MATERIAL FOR THIS TASK –
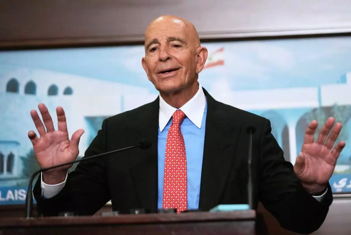FILE - U.S. Ambassador to Turkey and Special Envoy to Syria Tom Barrack speaks during a press conference after he and other U.S. senators met with the Lebanese President Joseph Aoun, at the presidential palace in Baabda, east of Beirut, Lebanon, Aug. 26, 2025. (AP Photo/Hussein Malla, File)
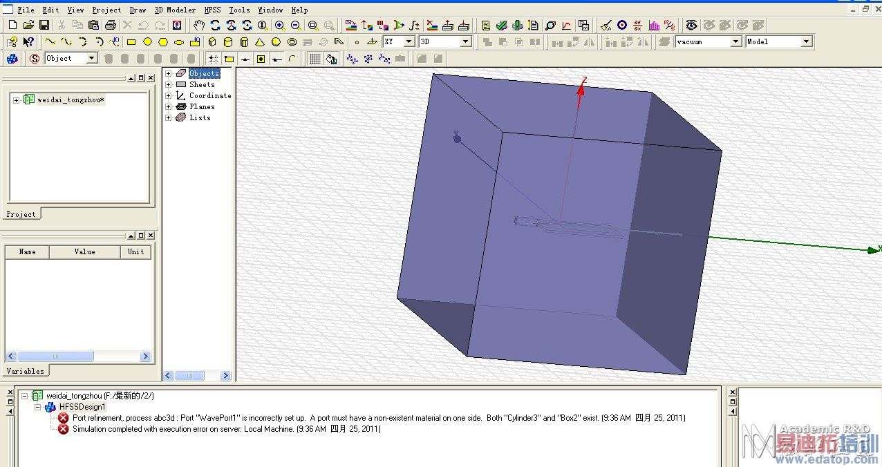 我仿真看了一下,这个要用lumpport,不能用waveport啊。仔细看错误提示
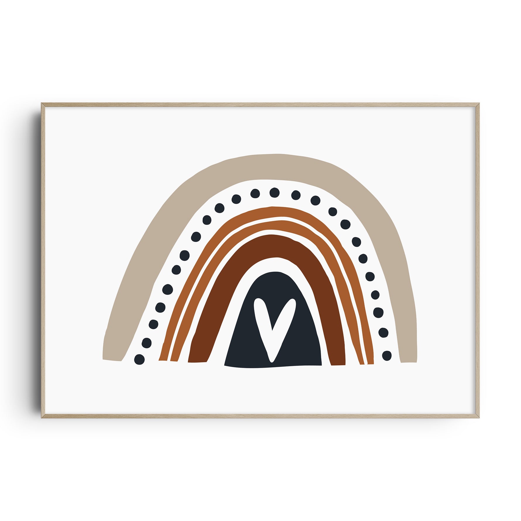 Unit price perThe perfect print for the modern nursery, bedroom or playroom, this scandi inspired rainbow art print features deep earthy tones, suitable for both boys and girls rooms of any age. Also makes a great new baby gift.
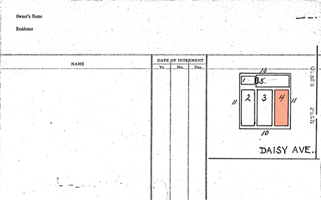 Interment Card (back) Copy obtained from Rosedale Cemetery, Orange, Essex Co., New Jersey. |
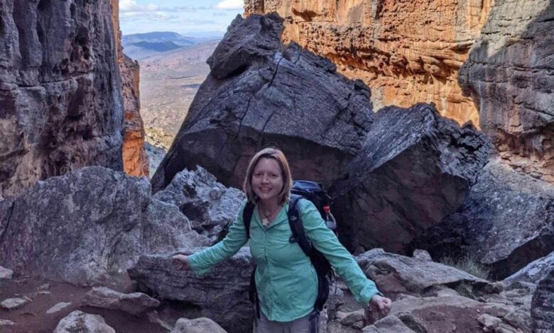 Η παλαιοντολόγος Σάρα Γκάμποτ στο σημείο όπου ανακάλυψε το απολίθωμα
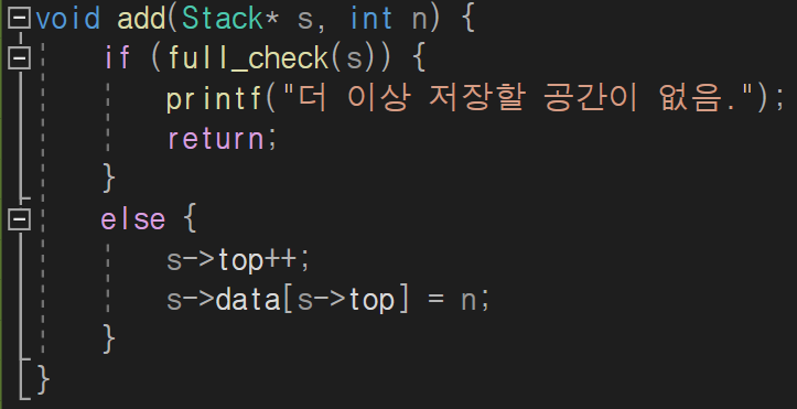스택에 데이터를 추가하기 전에 먼저 체크해야 될 것이 있죠. 바로 스택이 꽉 찼는지 먼저 확인을 해야 합니다!
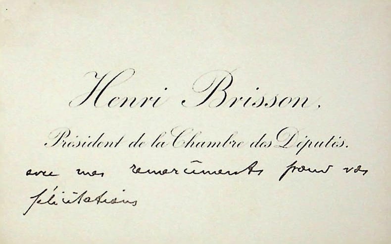 Henri Brisson (1835-1912), avocat, journaliste, homme politique. C.A., sd, 1 ligne. « Avec mes remerciements pour ses félicitations ». [416]
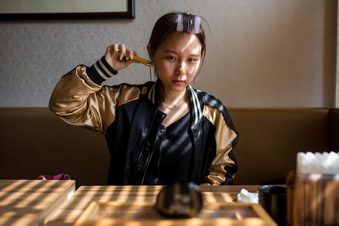 返回頂部>> 照片說明: 8;石喵喵在拍攝前整理妝容
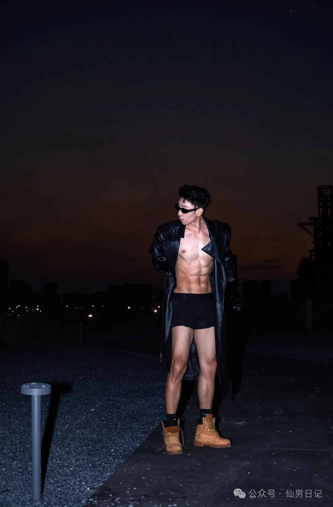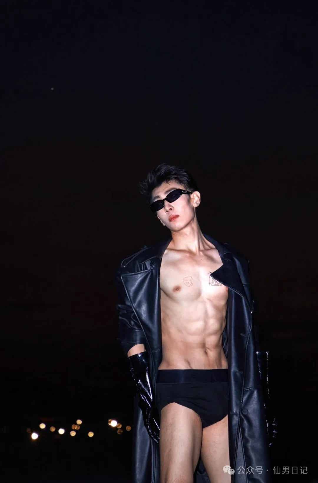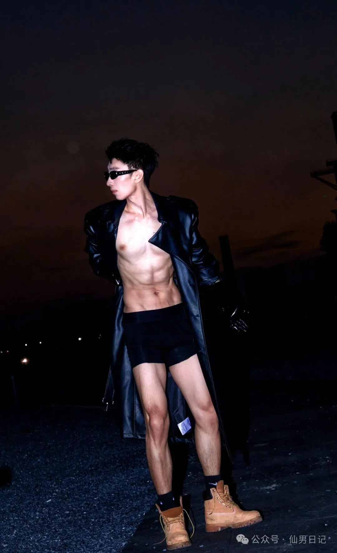小哥哥的这套照片真的可以说是封神的地步了。黑色皮夹克给人一种硬朗的感觉,而低腰设计则突出了腰部曲线美。整体造型既有男人味儿又有潮流元素。但是!最让人惊喜的是,小哥哥选择了一件黑色皮夹克搭配同色系内裤。穿着条内裤就出门了,这不是明晃晃的诱惑吗!
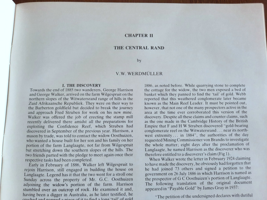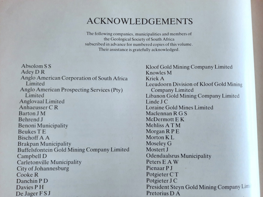 "The Council of the Geological Society of South Africa saw fit, in the early 1980s, to request Dr Antrobus to compile and edit a special publication on the Witwatersrand story, its appearance to coincide with the centenary year of the discovery of the Main Reef in 1886 on the farm Langlaagte by Harrison. Various specialists on the Witwatersrand Basin were invited to contribute chapters on each of the major goldfields and the Society is deeply appreciative of these efforts which, with the unifying thread provided by Dr Antrobus, constitute the substance of this volume.
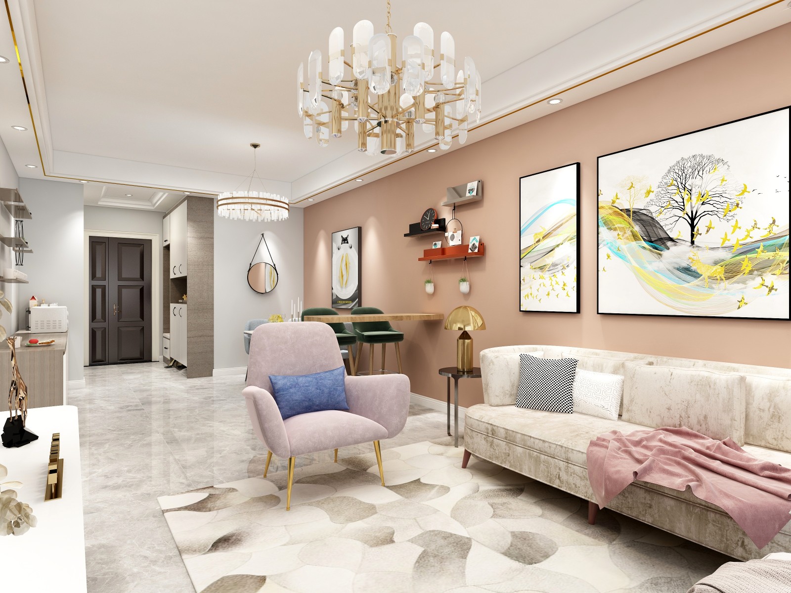 室内整体空间中不可缺少的建筑构件如柱子墙面等,结合功能需要加以装饰,可共同构成完美的室内环境。
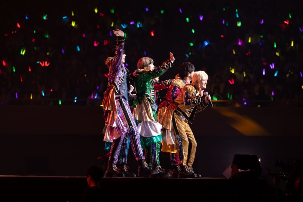 怒涛の展開に一息ついたメンバーは、マイクを取って満員の客席へとメッセージを贈った。ここまで勢いよくステージを駆け回っていたメンバーは、いよいよライヴが終わりに近づいているこのタイミングで感極まり……なるきは涙を浮かべて言葉に詰まる。ぱっちは「みんなの推し、日本武道館に立ったぞー!」と万感の思いを込めて叫ぶ。ようたは「教師を辞めてアイドルになる!」と宣言して芸能界に飛び込んだ7年前の想いを振り返り、家族やファンへの感謝を口にした。
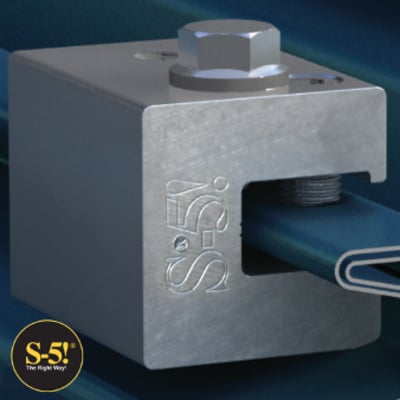 The S-5-H90 Mini is a bit shorter than the S-5-H90 and has one setscrew and one threaded bolt hole rather than two. The H90 Mini clamp is a more economical solution for lighter-duty attachments where Herculean holding strength is not required. The mini is the choice for attaching all kinds of rooftop accessories: signs, walkways, satellite dishes, antennas, rooftop lighting, lightning protection systems, solar arrays, exhaust stack bracing, conduit, condensate lines, mechanical equipment.
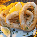 €17.00Huisgepaneerde inktvisringen, sausje van Wasabimayonaise
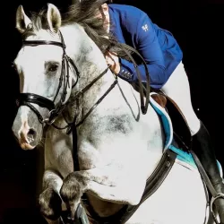 Очень изящная, высокая и красивая кобыла. Привезена в Россию в 2023 году и на сегодняшний день выступает в соревнованиях по конкуру с высотой до 140 см. Династия очень аккуратная и смелая лошадь с прекрасной…
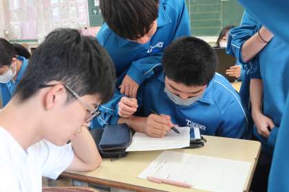 「私たちにできる動物支援の方法」について、意見・理由・結論すべてを英文で書き表していました。
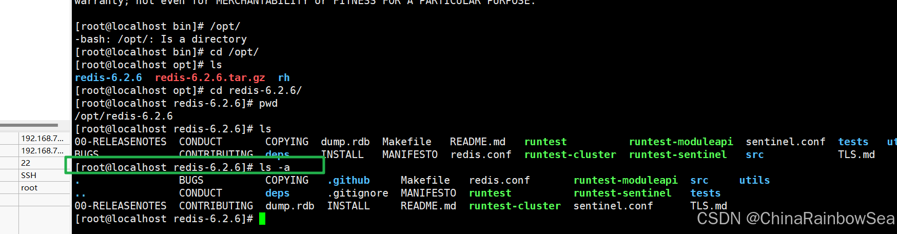 ls -a查看目录下的全部文件内容,包括隐藏文件等。[root@localhost redis-6.2.6]# ls -a
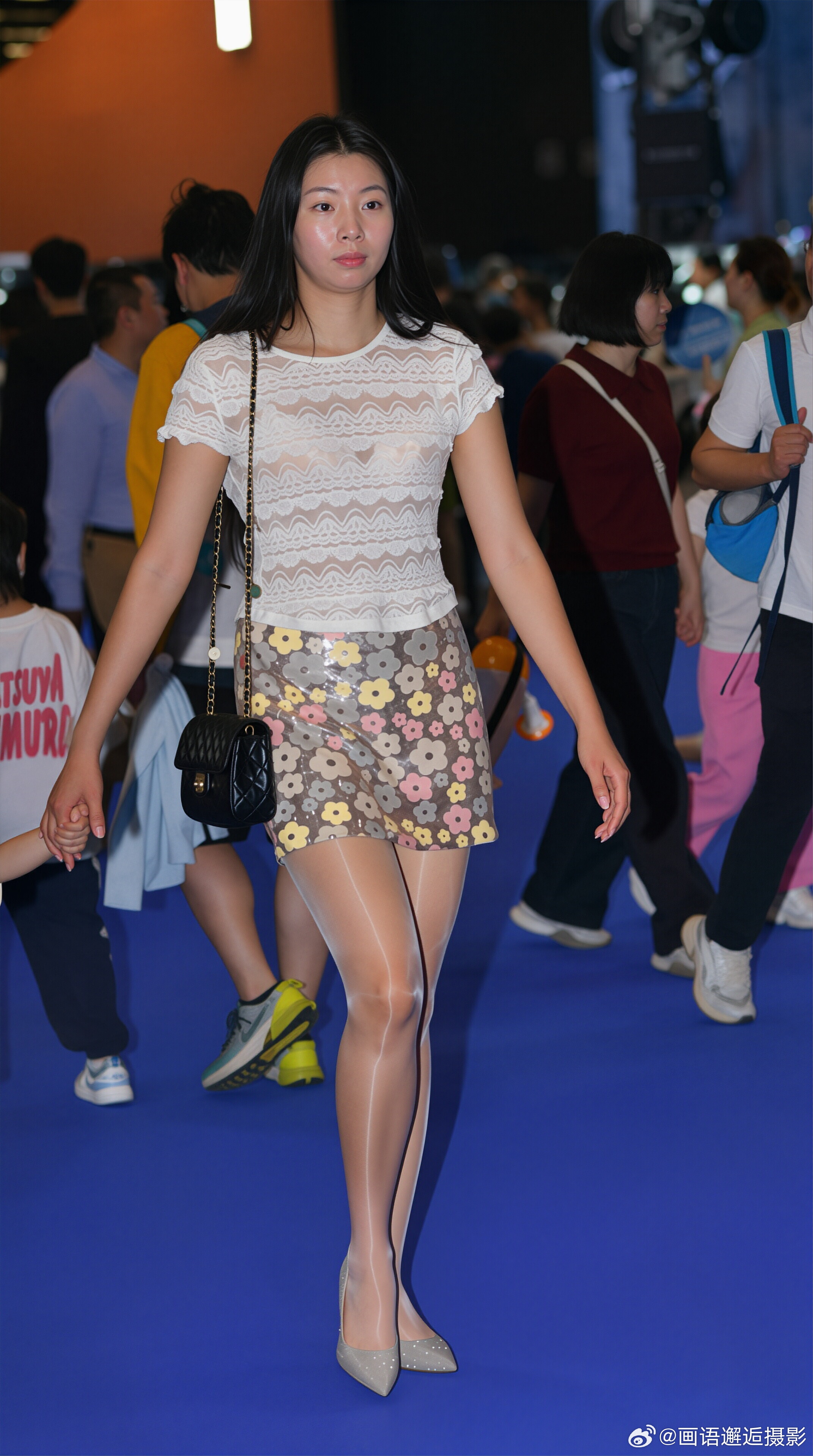发现你的魅力 白色蕾丝上衣搭配碎花短裙,尽显温柔甜美。银色高跟鞋提亮整体造型,
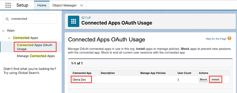 - Login to your Salesforce application, search “Connected Apps OAuth Usage”, select “Oleria” app and click Install
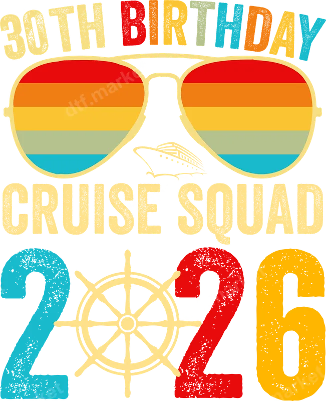 30th Birthday Cruise Squad 2026 DTF Transfer | Retro Sunglasses Design
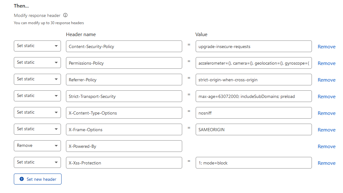 In this ancient post I was stated how security headers can be made through CF workers
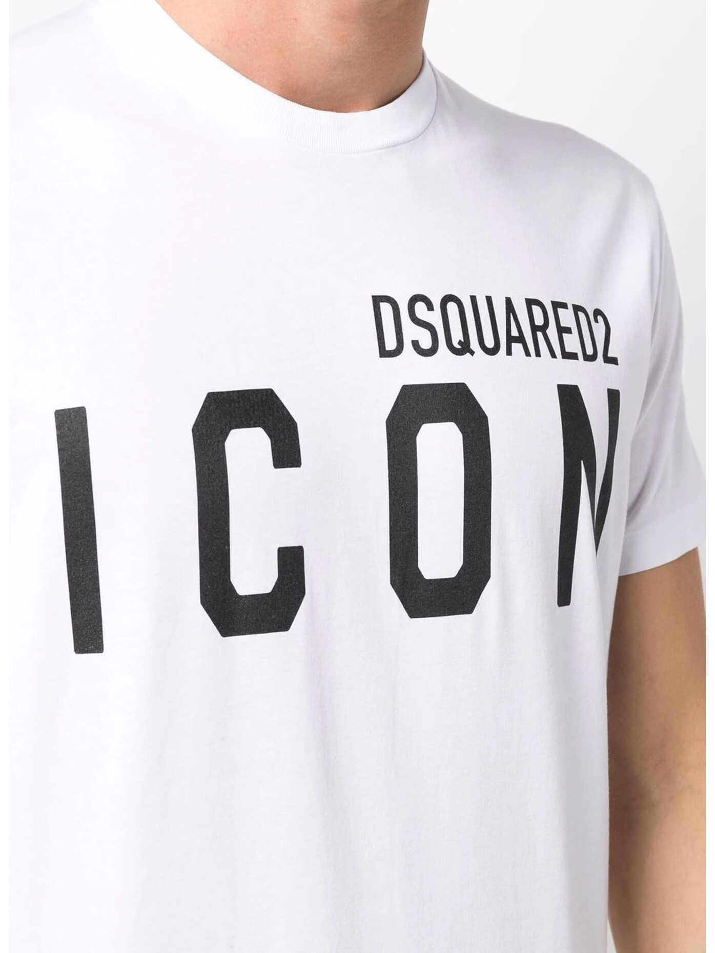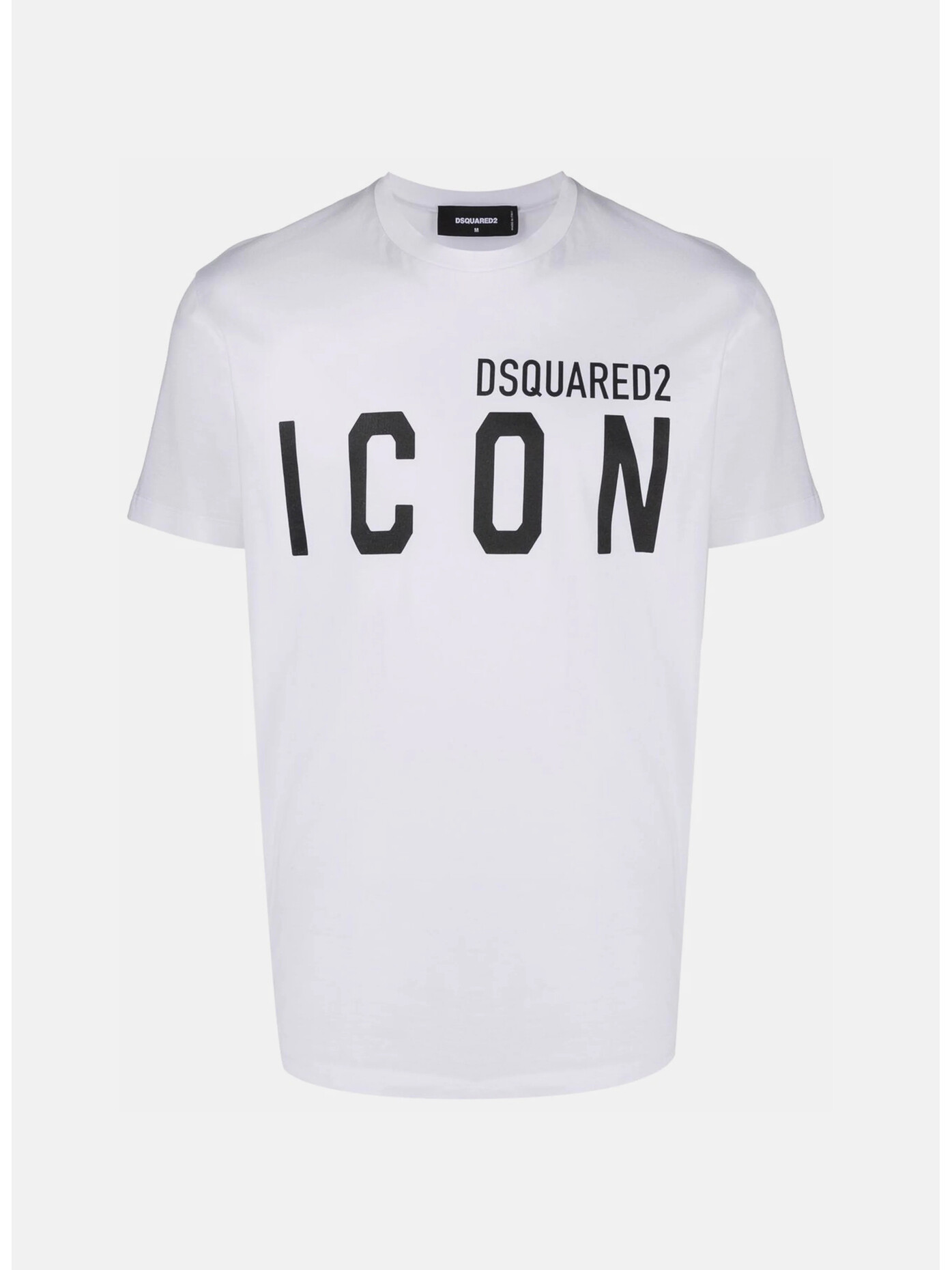 T-shirt di Dsquared modello Icon realizzata in cotone, caratterizzata da maniche corte, girocollo, logo lettering a contrasto sul davanti.
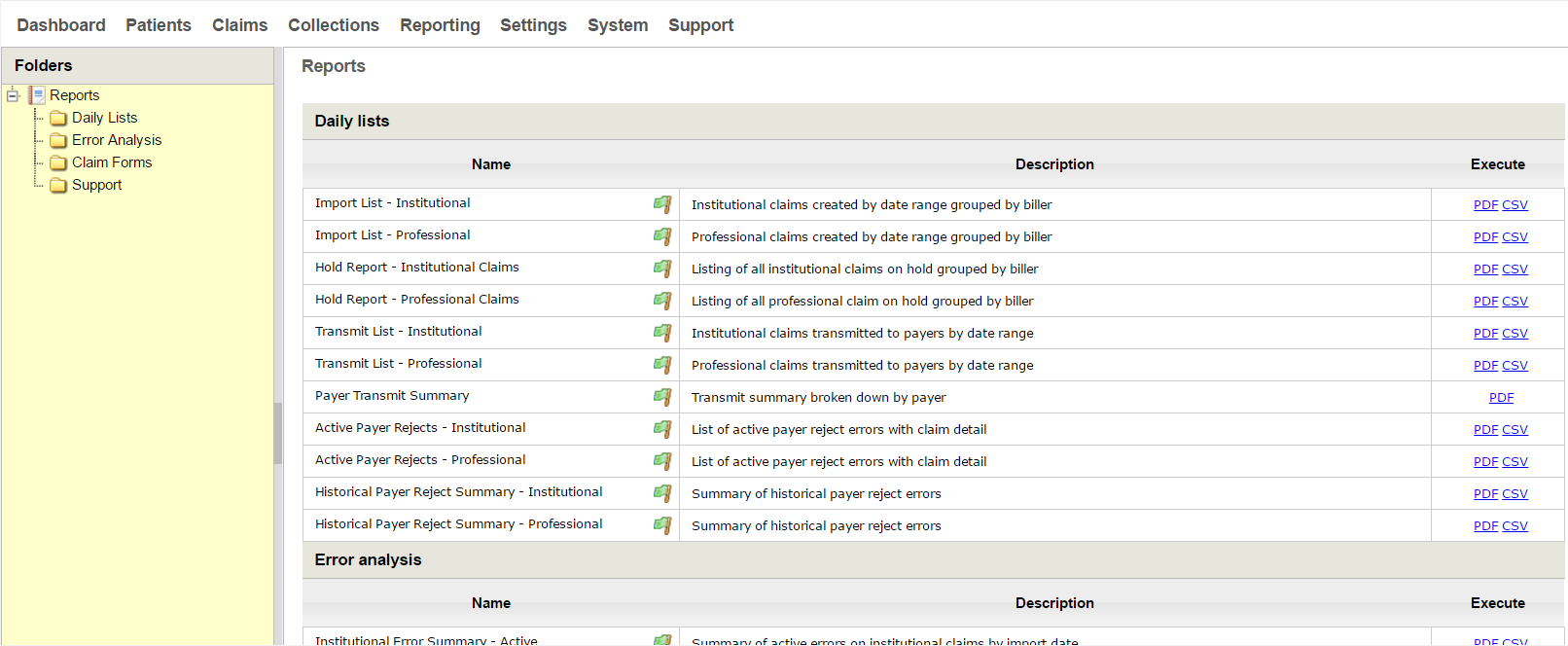 Most reports are available for either Institutional or Professional claims, but some reports are specific to a type of claim.

WORK TASK –
In the material above, the stretch from the line with "Unit price perThe" through the line with "返回頂部>> 照片說明: 8;石喵喵在拍攝前整理妝容" is to be given again exactly, minus the pictures.

RESPONSE TO THIS TASK –
 Unit price perThe perfect print for the modern nursery, bedroom or playroom, this scandi inspired rainbow art print features deep earthy tones, suitable for both boys and girls rooms of any age. Also makes a great new baby gift.
 Interment Card (back) Copy obtained from Rosedale Cemetery, Orange, Essex Co., New Jersey. |
 Η παλαιοντολόγος Σάρα Γκάμποτ στο σημείο όπου ανακάλυψε το απολίθωμα
스택에 데이터를 추가하기 전에 먼저 체크해야 될 것이 있죠. 바로 스택이 꽉 찼는지 먼저 확인을 해야 합니다!
 Henri Brisson (1835-1912), avocat, journaliste, homme politique. C.A., sd, 1 ligne. « Avec mes remerciements pour ses félicitations ». [416]
 返回頂部>> 照片說明: 8;石喵喵在拍攝前整理妝容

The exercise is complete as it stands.